▸ **Provided data**
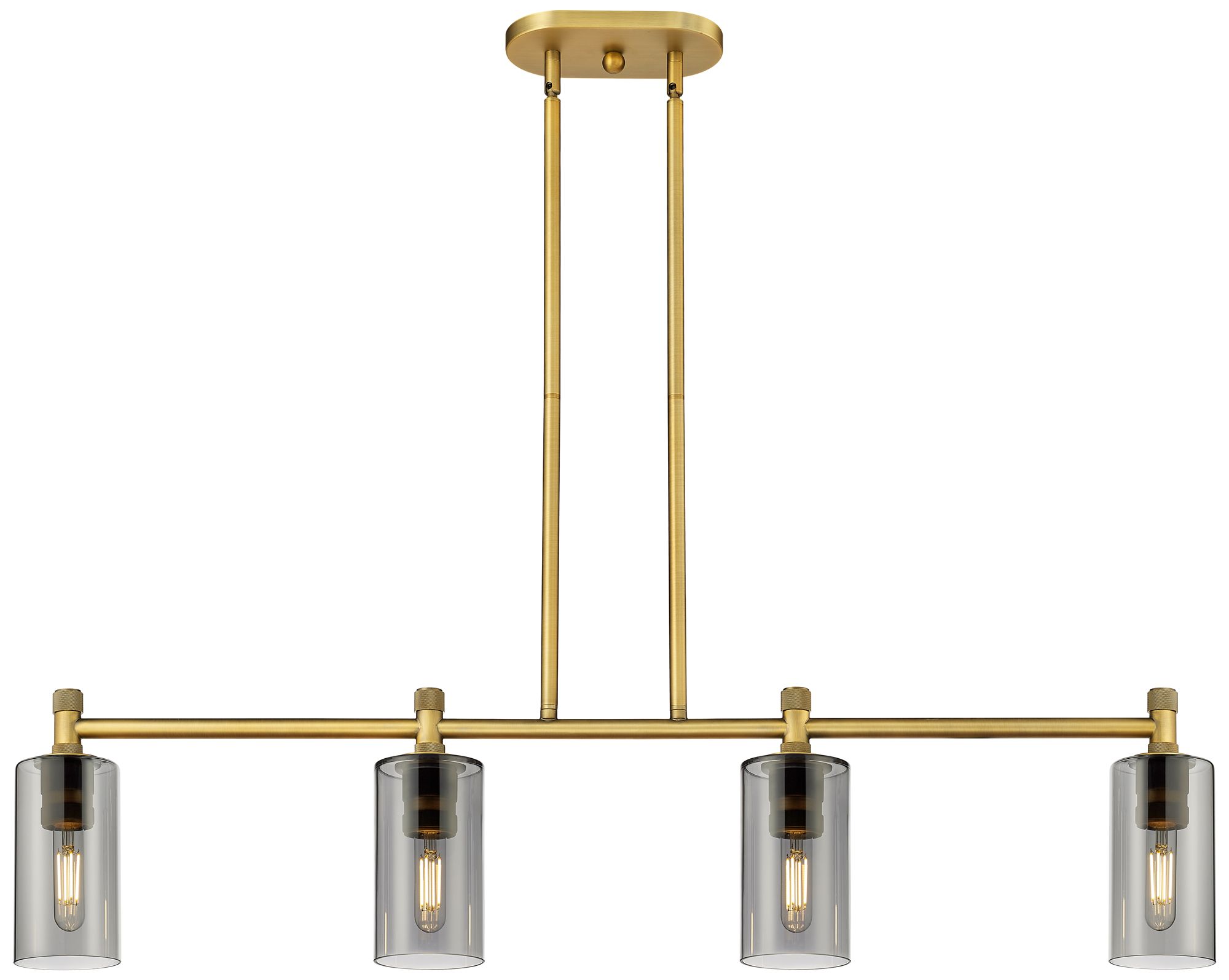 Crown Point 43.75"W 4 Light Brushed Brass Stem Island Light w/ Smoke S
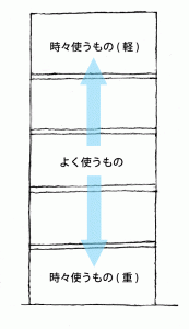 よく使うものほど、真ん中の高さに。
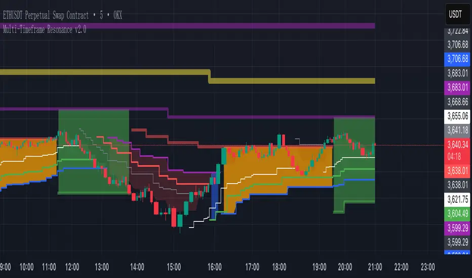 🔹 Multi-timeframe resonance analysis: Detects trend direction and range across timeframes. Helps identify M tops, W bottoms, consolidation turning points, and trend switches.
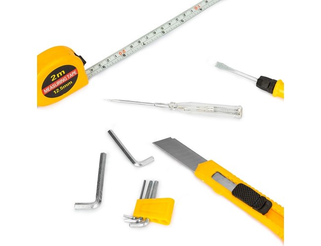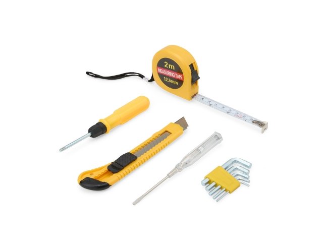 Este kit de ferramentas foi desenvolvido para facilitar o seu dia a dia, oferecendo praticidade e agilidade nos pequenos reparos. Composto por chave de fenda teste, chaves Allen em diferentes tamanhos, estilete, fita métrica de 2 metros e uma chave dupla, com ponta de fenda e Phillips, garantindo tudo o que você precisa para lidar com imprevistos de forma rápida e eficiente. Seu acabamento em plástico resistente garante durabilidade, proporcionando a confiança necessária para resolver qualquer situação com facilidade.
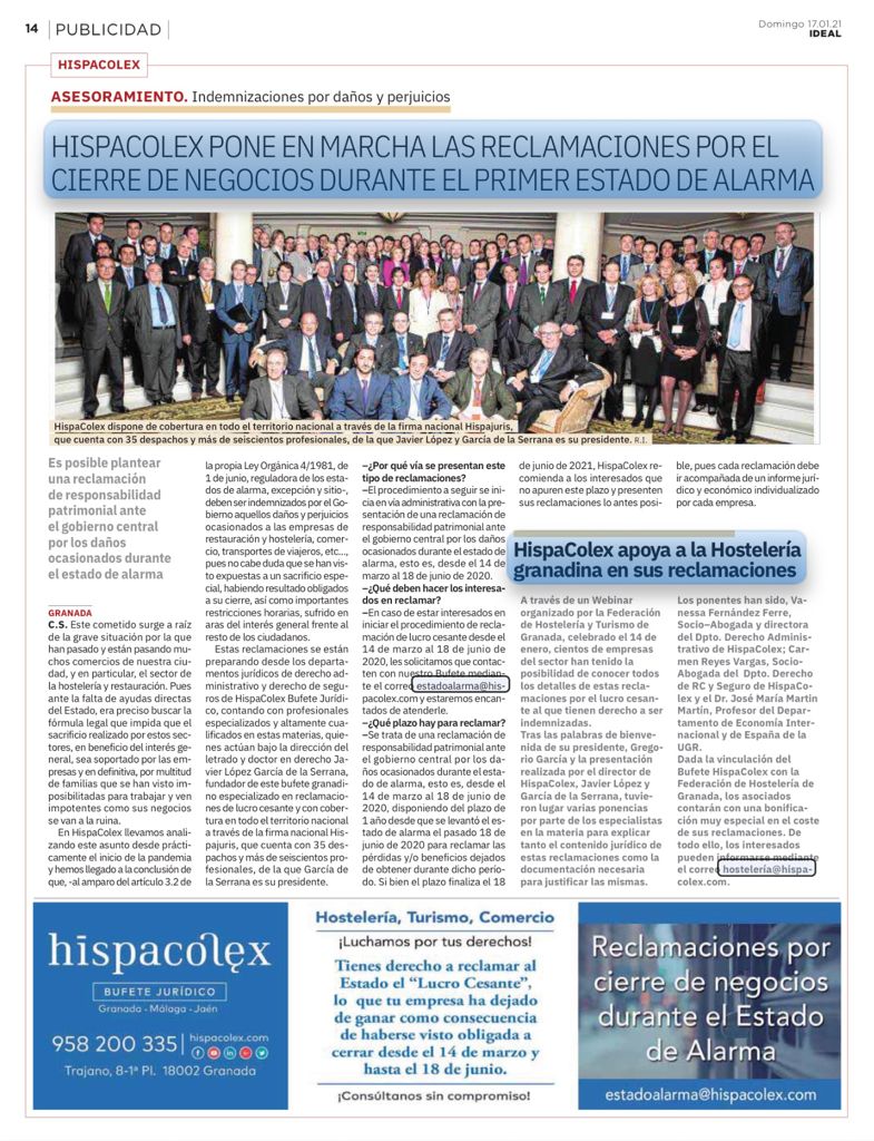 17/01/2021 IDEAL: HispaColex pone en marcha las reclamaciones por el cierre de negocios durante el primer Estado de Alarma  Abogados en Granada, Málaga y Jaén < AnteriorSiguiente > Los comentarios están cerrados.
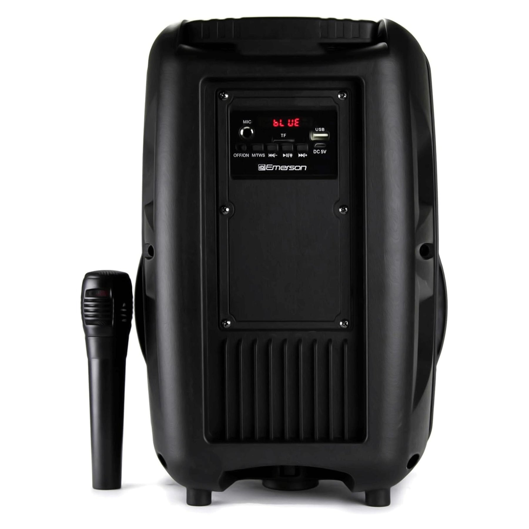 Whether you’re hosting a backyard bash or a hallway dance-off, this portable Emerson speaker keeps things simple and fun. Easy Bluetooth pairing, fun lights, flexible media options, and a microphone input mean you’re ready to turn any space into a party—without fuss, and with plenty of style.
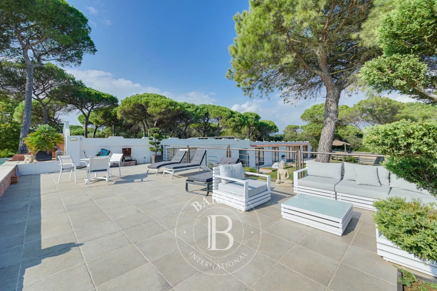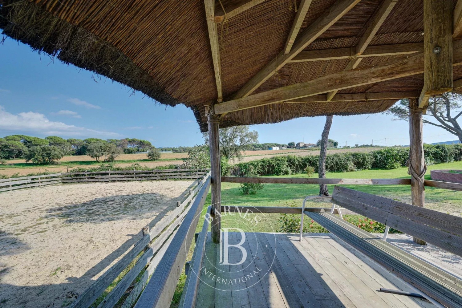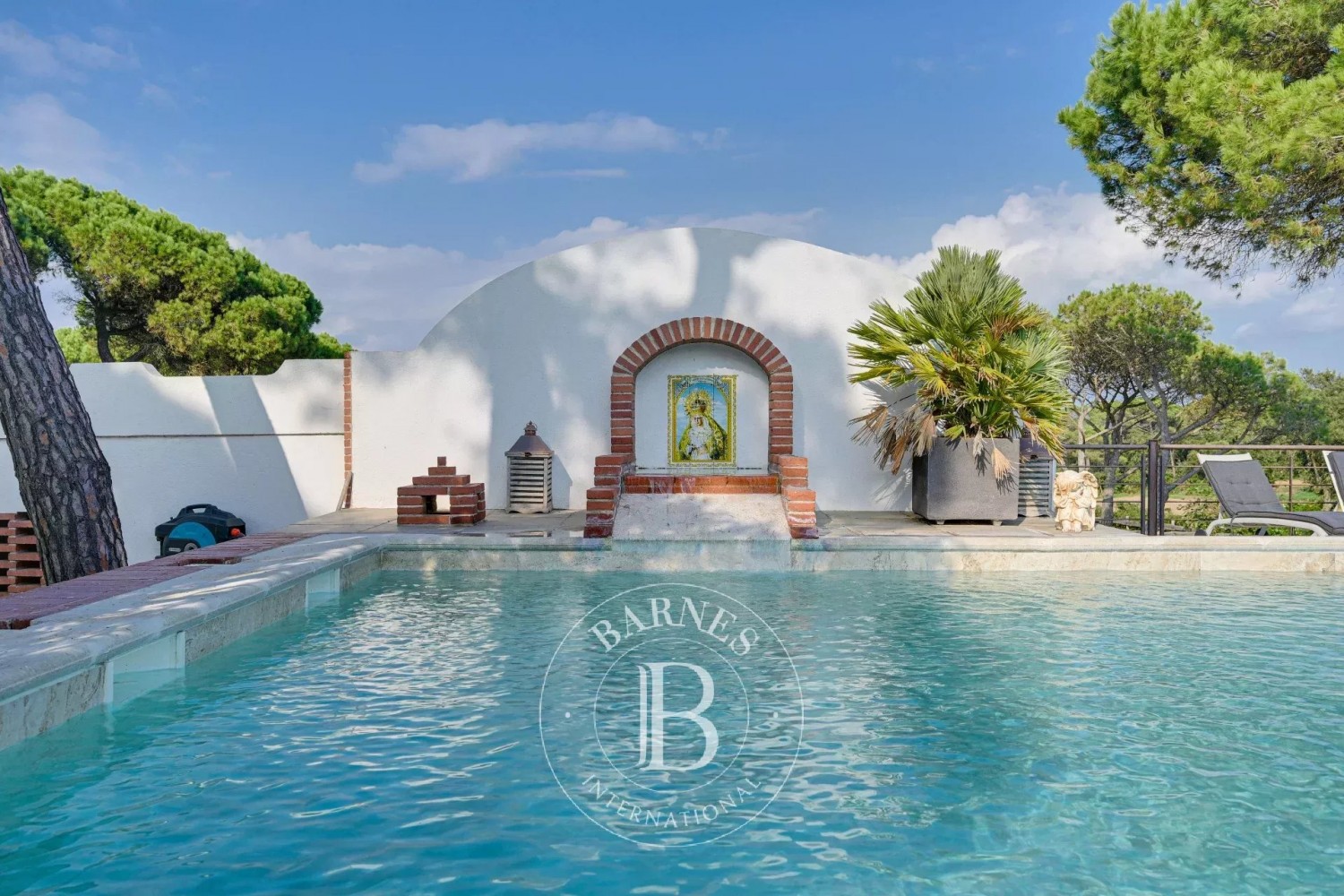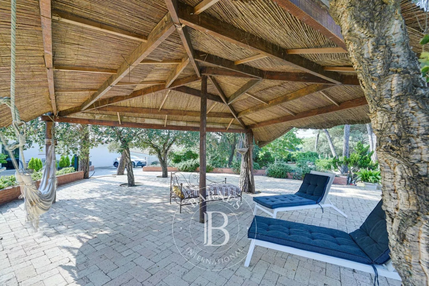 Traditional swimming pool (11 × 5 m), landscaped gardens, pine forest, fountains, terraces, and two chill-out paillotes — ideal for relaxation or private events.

...

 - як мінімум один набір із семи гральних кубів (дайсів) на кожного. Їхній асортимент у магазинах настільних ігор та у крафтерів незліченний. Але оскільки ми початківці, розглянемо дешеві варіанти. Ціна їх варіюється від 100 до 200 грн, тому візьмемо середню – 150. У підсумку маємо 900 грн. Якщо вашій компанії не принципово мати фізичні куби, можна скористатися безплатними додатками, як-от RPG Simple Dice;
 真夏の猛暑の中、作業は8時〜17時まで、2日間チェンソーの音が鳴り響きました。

▸ **The problem**
Write out exactly the run of lines above that starts at the line containing "and trend switches." and ends at the line containing "Este kit de". Include both, and leave the pictures out.

▸ **Response for this exercise**
 🔹 Multi-timeframe resonance analysis: Detects trend direction and range across timeframes. Helps identify M tops, W bottoms, consolidation turning points, and trend switches.
 Este kit de ferramentas foi desenvolvido para facilitar o seu dia a dia, oferecendo praticidade e agilidade nos pequenos reparos. Composto por chave de fenda teste, chaves Allen em diferentes tamanhos, estilete, fita métrica de 2 metros e uma chave dupla, com ponta de fenda e Phillips, garantindo tudo o que você precisa para lidar com imprevistos de forma rápida e eficiente. Seu acabamento em plástico resistente garante durabilidade, proporcionando a confiança necessária para resolver qualquer situação com facilidade.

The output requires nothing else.